Due to the way branches are organized, using /blocks does not really allow us to get a reliable snapshot due to a number of issues (there is no real relation between sequential block numbers and timestamps). Time-driven API does address most of the issues, but one. Consider a scenario where the time range intersects with the branch, but blocks on this branch are present outside of this time range as follows:

In this condition, for the time range t0 to t1, it is possible to identify blocks e,g,h as they are within the time range, but it is not possible to identify blocks b and c if the query is done in a simple linear t >= t0 && t < t1 manner. In order to obtain the full picture, the query should produce not only blocks within the range, but also branches that intersect this time range.

I am not quite sure of the best way to handle this in terms of database queries as doing this type of processing could be very costly. Having an additional auxiliary field such as acceptedBlockTimestamp would simplify the process and allow to calculate time intersections much easier since a single record (row) will contain both current and next block timestamps making it possible to filter such cases by block.timestamp < t0 && block.acceptedBlockTimestamp >= t1.

Time intersection processing would allow us to broaden the search scope, allowing us to collect blokcks d,f and i as well. (inclusion of blocks outside of the time range that are connected to blocks inside of the time range could be enabled via an additional API argument).

As you mentioned, it is difficult to get those blocks outside the time range without some complex querying or without adding more fields to blocks in the DB.

My opinion is that it's not really necessary at this point, and in some cases it is even not wanted because it can give off a misleading representation of the topology of the DAG.

To get block d you can get it by sequential get block calls with parentBlockHash(es) of e.

To get f and i we can later add a filter to get blocks query by parentBlockHashcontains=.

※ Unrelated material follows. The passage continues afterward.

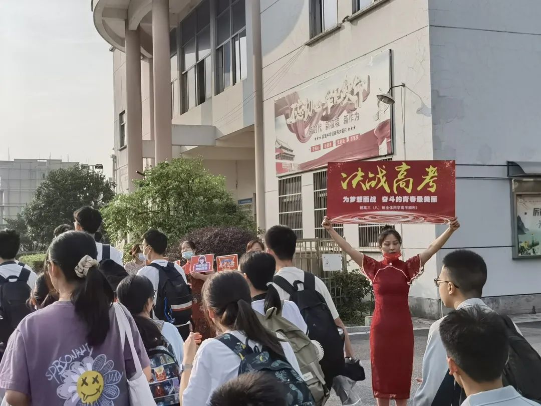 义乌大成中学,家长手举标语,身穿旗袍,夹道而立,为考生加油。

In my opinion, after discussing it a few times, it is unwanted for the reason mentioned above (misleading representation of the DAG) because you only show extensions on the slice of the DAG you have in some of it's breadth, while not necessarily through all of its breadth.

A better way to show what's beyond the cross section of the DAG currently displayed will be to get the next adjacent cross section (on either end).

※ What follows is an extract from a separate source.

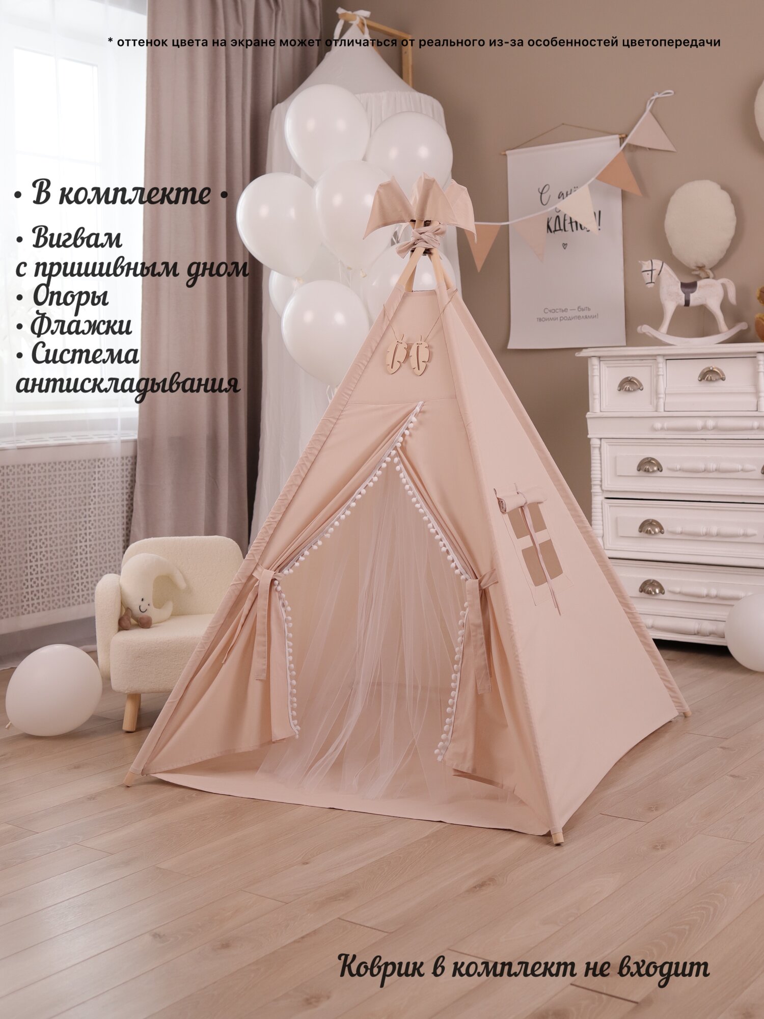 Купить Вигвам Палатка детская игровая , домик для детей, опоры, флажки, система антискладывания с доставкой по всей России.

ey51 commented 4 years ago

I want to add on what I wrote earlier. What you'de first want to do is sign up for mqtt notifications on new blocks and on dag/selected-tip. Then you fetch a corss section of the dag using get blocks, e.g. latest X blocks or using some time filters. You might want to do sequential requests due to max page size.

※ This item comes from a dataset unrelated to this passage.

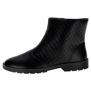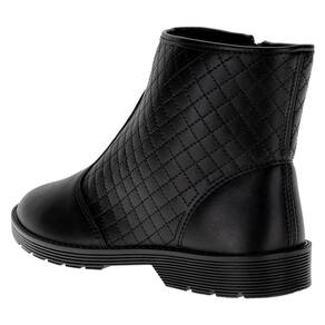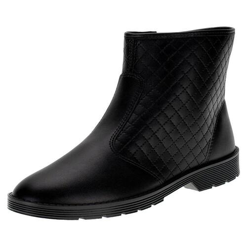 A Bota Feminina Cano Baixo Moleca é confeccionada em Napa Estonia de alta qualidade com acabamento em costura e contém fechamento por zíper lateral, palmilha em PU e solado em borracha antiderrapante com salto de dois centímetros. Esse modelo possui cano de doze centímetros de altura por trinta e dois centímetros de circunferência.

The database inserts blocks by sequential id and it also orders them in the get blocks query by sequential id.

If you are getting blocks between t1 and t2 and say there are 500 blocks that answer that criteria, you would be able to get 100 blocks per request (assuming the page limit is 100). If you order them ascending, you will get the first 100, then you could either do another exact same call with skip 100, to get the next page, until you get to 500, or you could make the next call use the timestamp of the latest block you got in the current call as the startDate.

In each call, you will get a total that counts all the blocks that answer the filter criteria (startdate, enddate [and other criteria we may add according to request], but not skip).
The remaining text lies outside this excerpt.